The new government would be taking over in the midst of India’s crisis hour. Its first task would be to sharpen an instrument to wield on the fiscal deficit. In effect, fiscal policy would have to take on the role of a pick-axe, the one vital tool to survive the final ascent in high-altitude mountaineering. Ask veterans. The pick-axe is the surest way out of a crevice.
Unlike the US, with its panicky $1.1 trillion fiscal stimulus, or China with its own $586 billion by way of state spending, India has only announced a package—last December—that amounts to a grand $4 billion. This is miserly by world standards, and is publicly explained by the ‘lack of headroom’ for greater largesse, but let’s not forget, it has also kept the pick-axe from turning blunt, and that’s a good thing.
What might the axe be used for?

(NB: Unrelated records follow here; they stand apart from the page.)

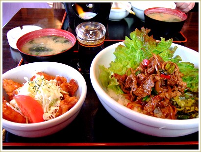 念願かなってがっつり食べたのは「カルビ焼肉丼&唐揚定食」。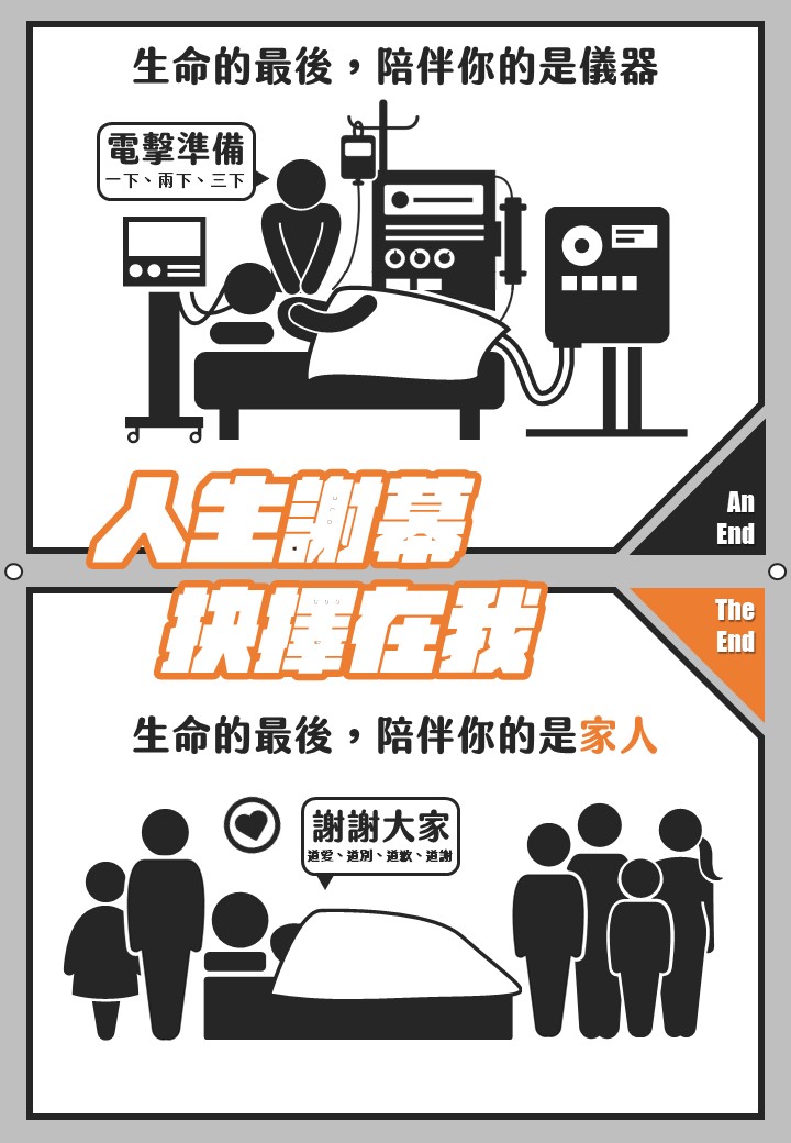 本次得獎的原創圖文作品,金獎為市立聯合醫院中興院區藥劑科翁紹恩主任所繪之「人生謝幕、抉擇在我」,充分表現臨床上民眾及家屬會面對的抉擇,提醒大家可以在意識清楚的時候,及早做好人生最終醫療決策的規劃,為自己做好善終準備與安排;在人生謝幕的時候,免於慌張地進行不必要且無效的治療措施,從容不迫的跟家人道謝、道愛、道歉、道別。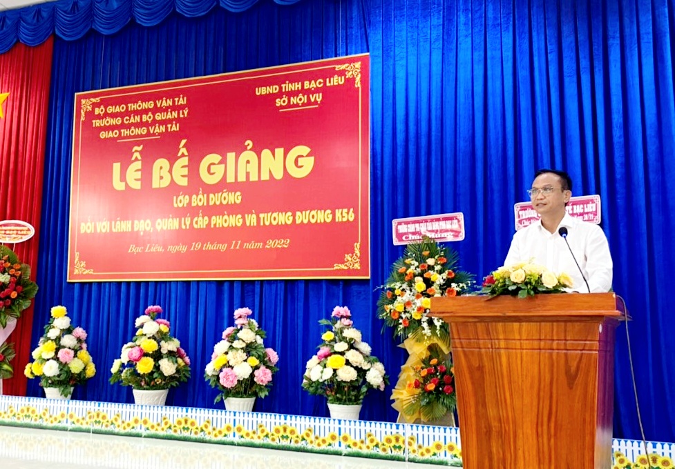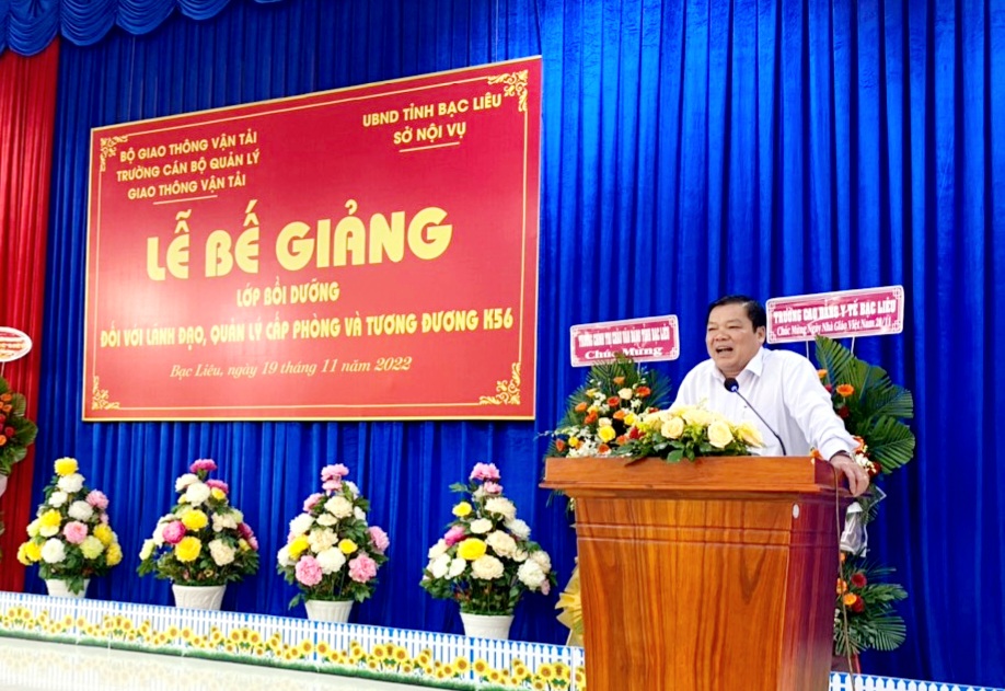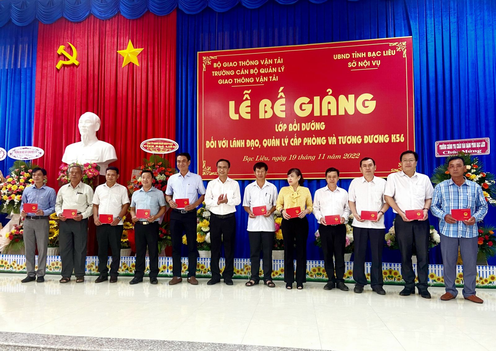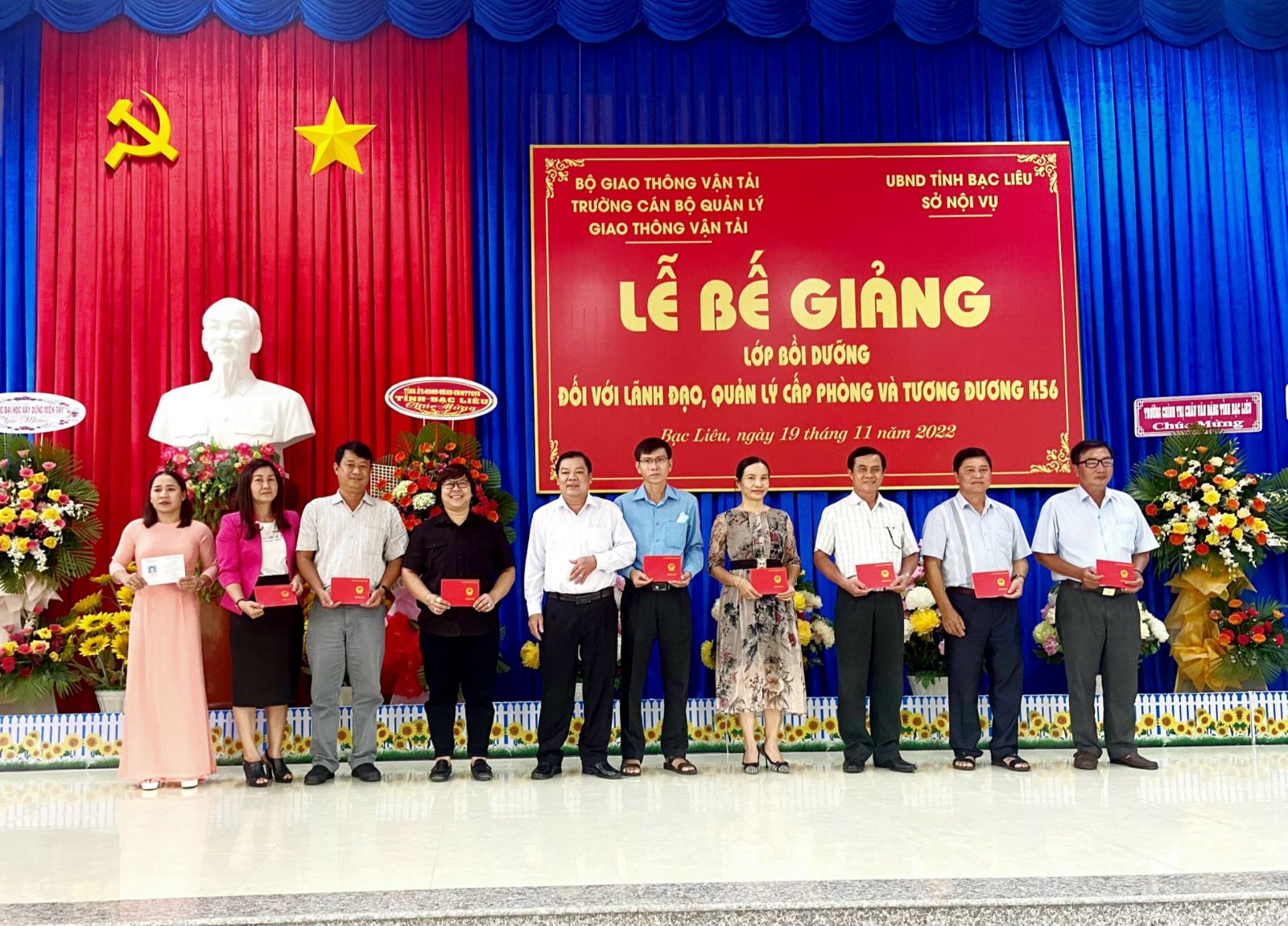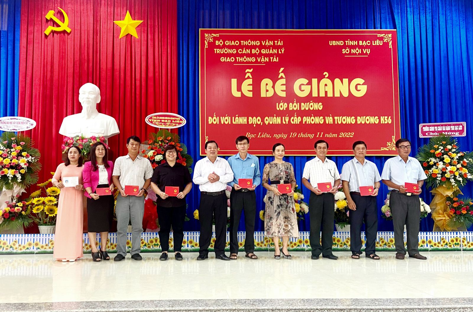 Ngày 19/11/2022, Trường Cán bộ quản lý giao thông vận tải phối hợp với Sở Nội vụ tỉnh Bạc Liêu tổ chức Lễ bế giảng lớp Bồi dưỡng lãnh đạo quản lý cấp phòng và tương đương K56 dành cho học viên là công chức, viên chức đang công tác tại các cơ quan quản lý nhà nước, các đơn vị sự nghiệp công lập trên địa bàn tỉnh Bạc Liêu và các khu vực lân cận.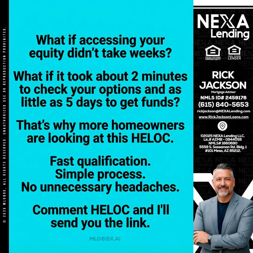 Hi, my name is Rick Jackson. I’m a Loan Officer with NEXA Lending LLC., offering personalized mortgage solutions, fast customized quotes, great rates and service with integrity.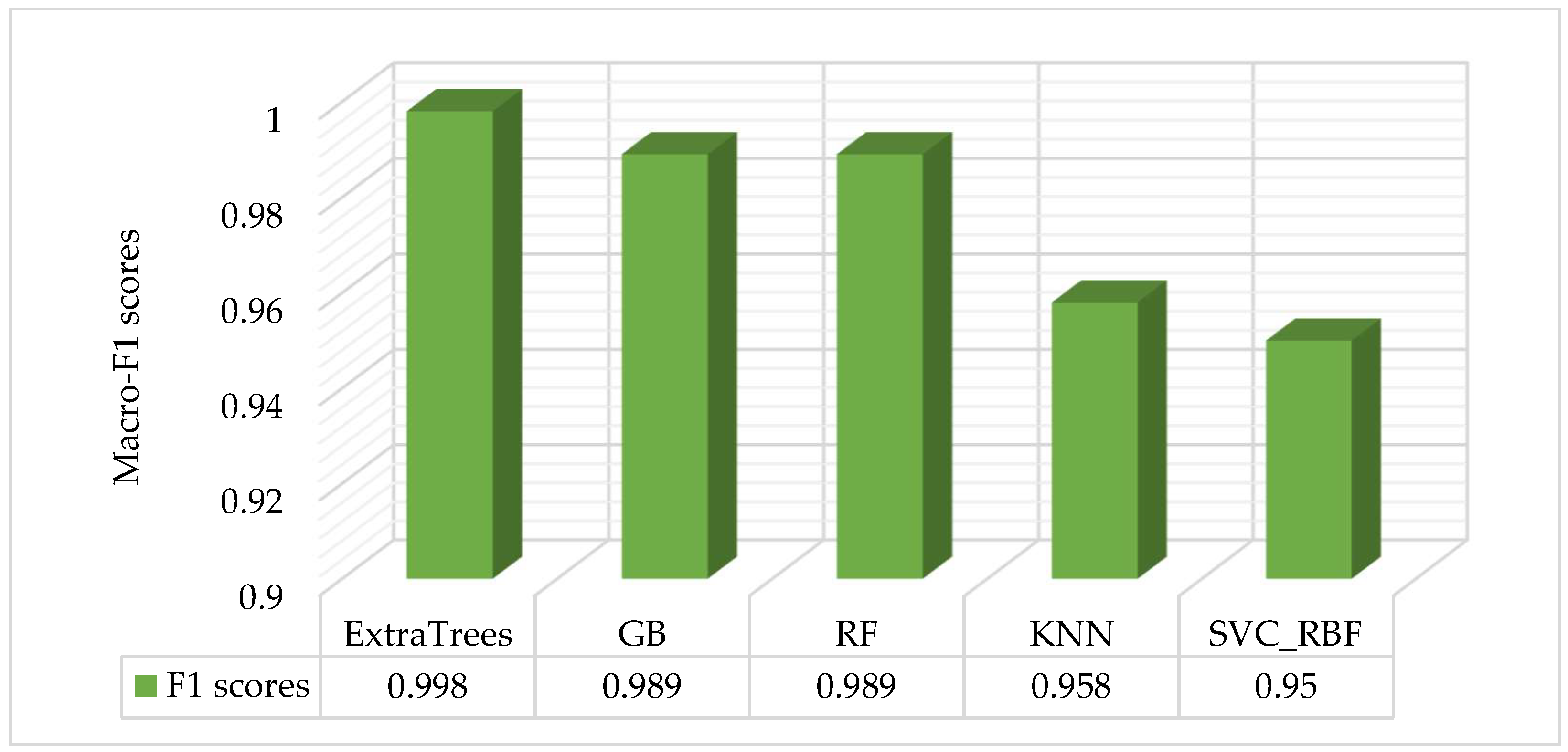 where N is the number of classes, and Precisioni and Recalli are the precision and recall for class i, respectively. The Macro F1 Score averages the F1 scores of each class, giving equal weight to all classes, regardless of their frequency in the dataset [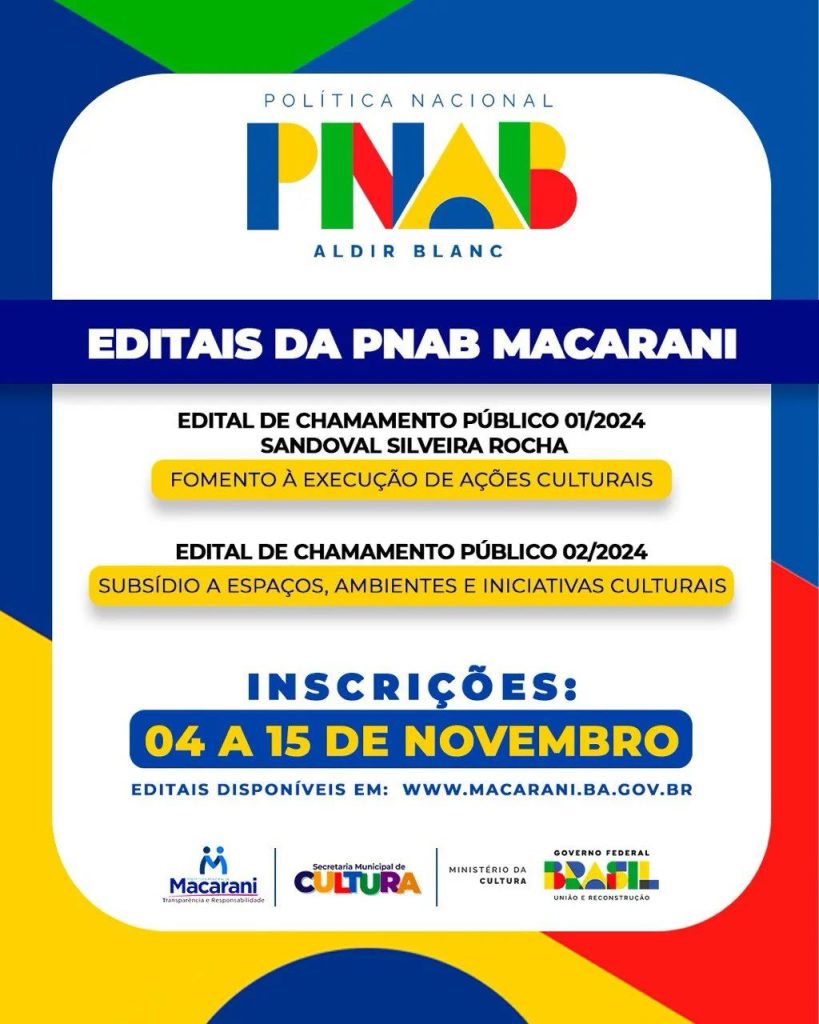 A Prefeitura de Macarani, por meio da Secretaria Municipal de Cultura, anunciou a abertura das inscrições para os editais da Política Nacional Aldir Blanc (PNAB). Entre os dias 04 e 15 de novembro, artistas, produtores e fazedores de cultura do município poderão se inscrever para receber apoio financeiro voltado à execução de ações culturais e ao subsídio de espaços, ambientes e iniciativas culturais.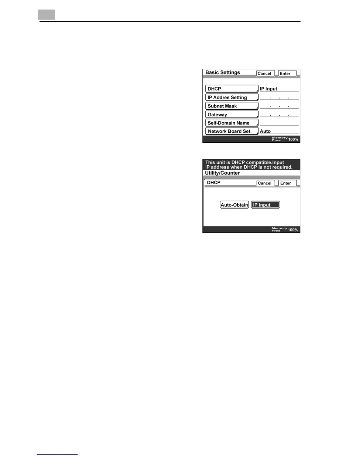 – When [IP Input] was selected,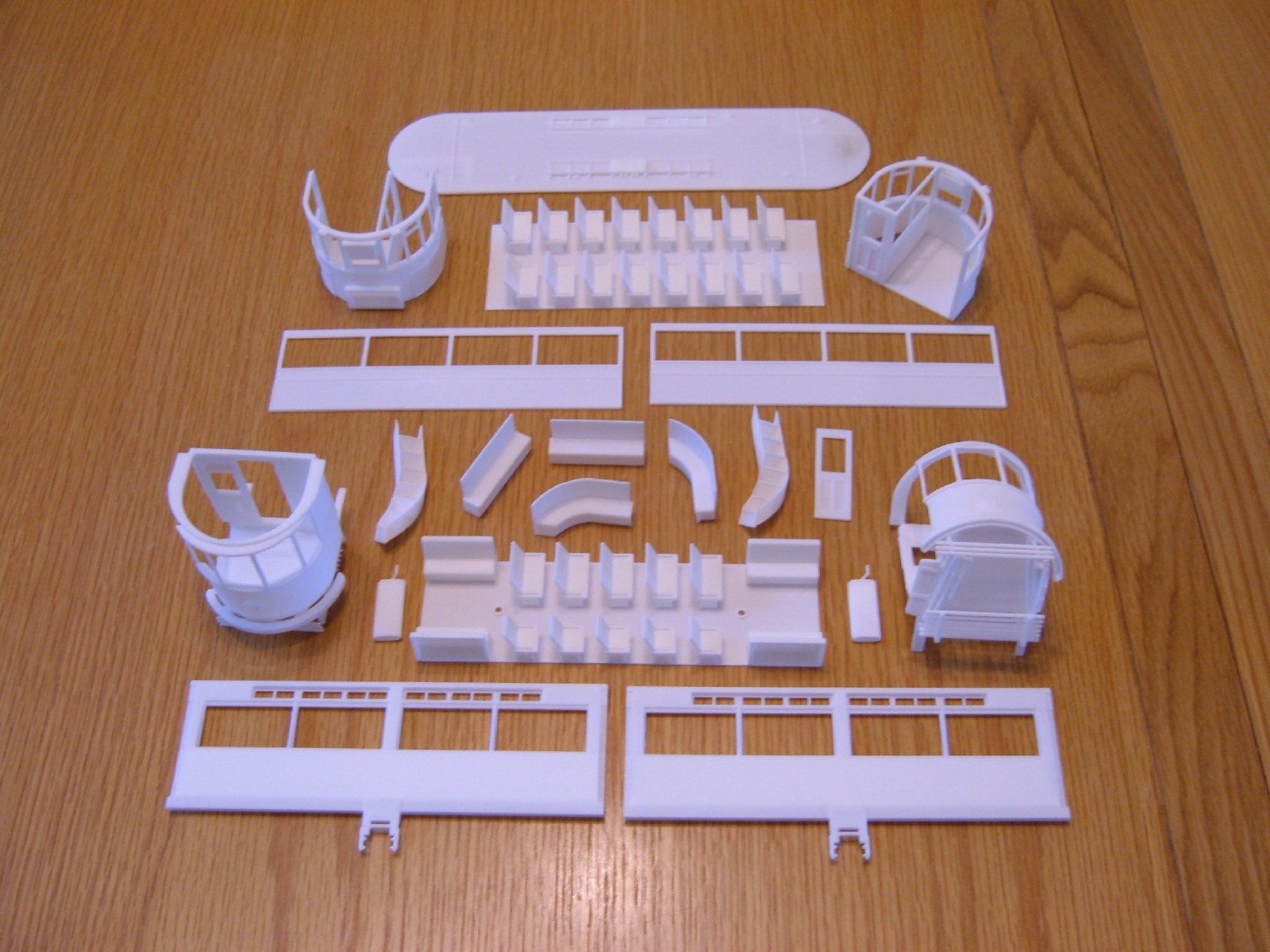 The 15 piece body kit is complete with every detail [not just a body shell] including from the roof down, seating, stairs, controllers and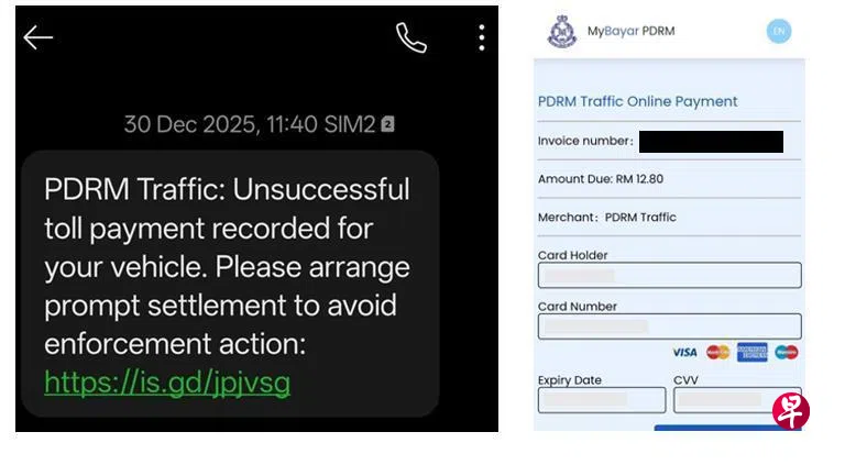 警方指出,在这类诈骗中,受害者会收到一则自称是马来西亚皇家警察(马来文简称为PDRM)的短信,称他们有未缴清的车辆过路费。短信会要求受害者点击链接进行付款,而这个链接会把受害者引导至一个钓鱼网站,并让他们输入个人资料,例如身份证号码、车牌号码、银行资料、银行卡资料等。
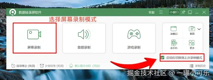 备注:如果你后续会频繁使用相同的录制模式,可以在主界面右下角勾选 “启动后自动使用上次录制模式” 选项。勾选后,下次启动软件时将直接进入上次使用的录制模式,省去重复选择参数的步骤,提升操作效率。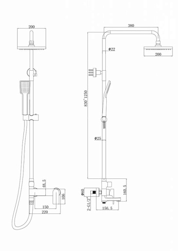 - Вылет верхнего душа: 40 см.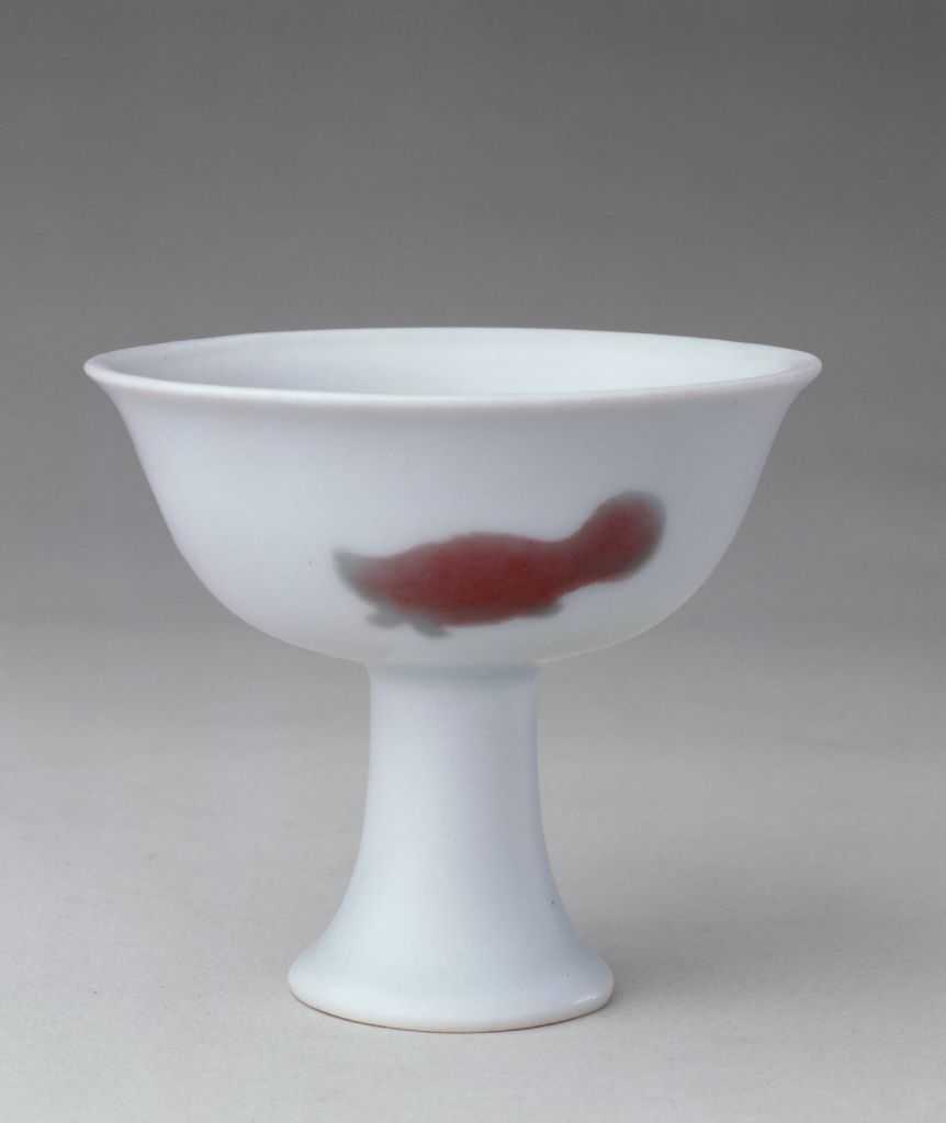 釉里红三鱼纹高足碗

First on the slash list perhaps could be the massive oil and fertiliser subsidies, even if these are easier to manage now with global crude oil at $54 or thereabouts (down from the $147 per barrel peak on 11 July 2008). The potential savings in the oil sector are huge, and the accumulated ‘oil bond’ problem can also be resolved via some deft derivatives, though there may be other expenses that could be cut with less big-picture risk incurred.
Keynesian measures need not be dumped. After all, the wanton monetarism of the global go-go years has revealed how easy it is for policymakers to fall under the spell of tools of their own casting. The beauty is, the same goes for fiscal expansion. It is best used as a counter-cyclical tool (and no more) in bad times. If aggregate demand needs to be kickstarted, it needs to be kickstarted. For a sustainable bounce-back, we’d rather count on private initiative and associated ‘animal spirits’, in Keynes’ terminology. This means simplistic assumptions will have to be resisted.
So, while the stimulus is all very good, the real hope lies in reverting to the Indian four-year-boom model. The pacing of this switch-around, though, may need to be calibrated in accordance with an economic recovery worldwide. The outlook on this is not entirely bleak. According to Ficci’s Roy, even a sustainable recovery in China can act as a boost for the Indian economy. Thus, by October 2009, export demand could start looking up. Although the economic gloom is deeper and more persistent than once thought, most analysts concur that a clear picture of the future might emerge by then.
For now, India has some strategic ‘headroom’ in terms of a plurality of options. The country’s foreign exchange reserves, for example, may have fallen by $50 billion during the worst part of the crisis, but they still hover in the $250 billion region—enough to cover almost a year’s imports. Also, as a recent CII paper has noted, reserves have actually risen slightly since March 2009.
Much will now depend on how the pick-axe is used, exactly, and with what sense of timing. India’s crisis hour is not done yet. Be clear about that. But confidence lies in braving the ascent. Even if it makes us sweat like never before.